The clinical presentation of dementia due to Alzheimer disease (AD) is heterogeneous.1–6 Neuropathologic studies have suggested that there are 3 distinct pathologic subtypes in terms of distribution of amyloid plaques and neurofibrillary tangles.7 Pathologic findings from autopsied cases are the gold standard for investigating anatomical heterogeneity; however, the autopsy findings usually represent advanced stages of the disease, and cannot map the entire brain because of region-of-interest–based methods. Instead, imaging studies that incorporate a large number of patients assessing the entire cerebral cortex may demonstrate anatomical heterogeneity of AD dementia–induced degeneration at the earlier stages.
To our knowledge, only a few imaging studies have investigated the structural heterogeneity of AD dementia. A voxel-based morphometry study classified 40 patients into 4 subgroups according to atrophy patterns in the medial temporal, posterior lateral cortices, and posterior cingulate–precuneus.8 However, there have been no reports of anatomical subgroups for AD dementia using surface-based morphometry, a sensitive method that measures actual cortical thickness across the entire cortical mantle using 3-dimensional MRIs.9 The objective of this study was to examine variability in surface-based morphometry cortical atrophy patterns of the entire cerebral cortex and then use cluster analyses to determine whether AD dementia can be categorized into distinct anatomical subgroups.
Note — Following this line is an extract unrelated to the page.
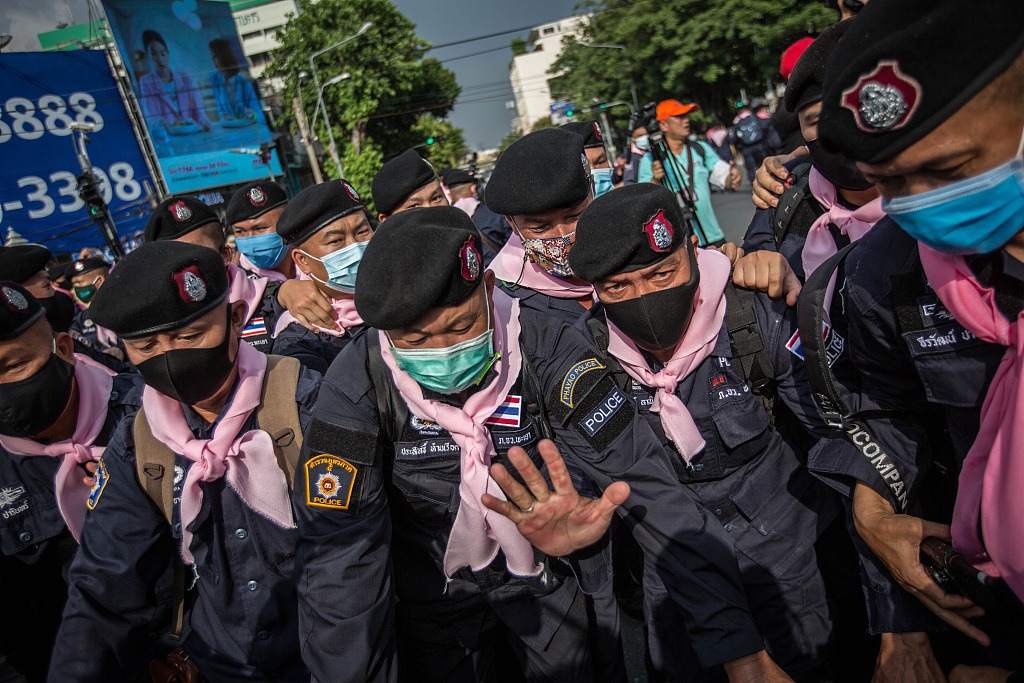 当地时间2020年10月14日,泰国反政府示威者当日傍晚冲破警方的阻拦,游行至总理府前,并在总理府外马路上安营扎寨。示威领袖称,他们将在此驻扎过夜。当天,成千上万的反政府示威者在曼谷民主纪念碑附近举行抗议集会。下午2时20分左右,集会队伍游行前往总理府,途中遭到警方层层阻拦。警方还以路中央停放大巴车、设置路障的方式阻挡游行队伍前行。经过数小时对峙,当地时间傍晚时分,游行队伍冲破警方封锁,终于抵达总理府外,并就地扎营准备过夜。图片来源:视觉中国

As this disease progresses, the left-right hemispheric functional and degenerative asymmetries decrease10,11 and the cortical degeneration becomes widespread. Therefore, this study only included participants who were in their early stages of AD dementia.
METHODS
Participants.
Of 296 patients with AD dementia who were evaluated at Samsung Medical Center's Memory Disorders Clinic from June 2006 to December 2010 and completed neuropsychological tests as well as high-resolution 3.0-tesla T1-weighted MRI, we excluded all patients with a Clinical Dementia Rating (CDR)–Sum of Boxes ≥5. We also excluded patients with familial AD of the autosomal-dominant inheritance type. The final study population therefore consisted of 152 patients with AD dementia with global CDR of 0.5 to 1 and CDR–Sum of Boxes ≤4.5.2,12,13
All patients underwent detailed clinical interviews before their neurologic examinations and neuropsychological tests were conducted. Two fellowship trained behavioral neurologists (S.W. Seo and D.L. Na) made a diagnosis of probable AD dementia using the criteria outlined by NINCDS-ADRDA (National Institute of Neurological and Communicative Disorders and Stroke and the Alzheimer's Disease and Related Disorders Association).14 Laboratory tests were conducted to rule out other causes of dementia, and included complete blood counts, vitamin B12, folate levels, a metabolite profile, thyroid function tests, and syphilis serology. Patients were excluded if they had a cerebral, cerebellar, or brainstem infarction, hemorrhage, tumors, hydrocephalus or severe cerebral white matter hyperintensities (deep white matter ≥2.5 cm and caps or band ≥1.0 cm), or severe head trauma.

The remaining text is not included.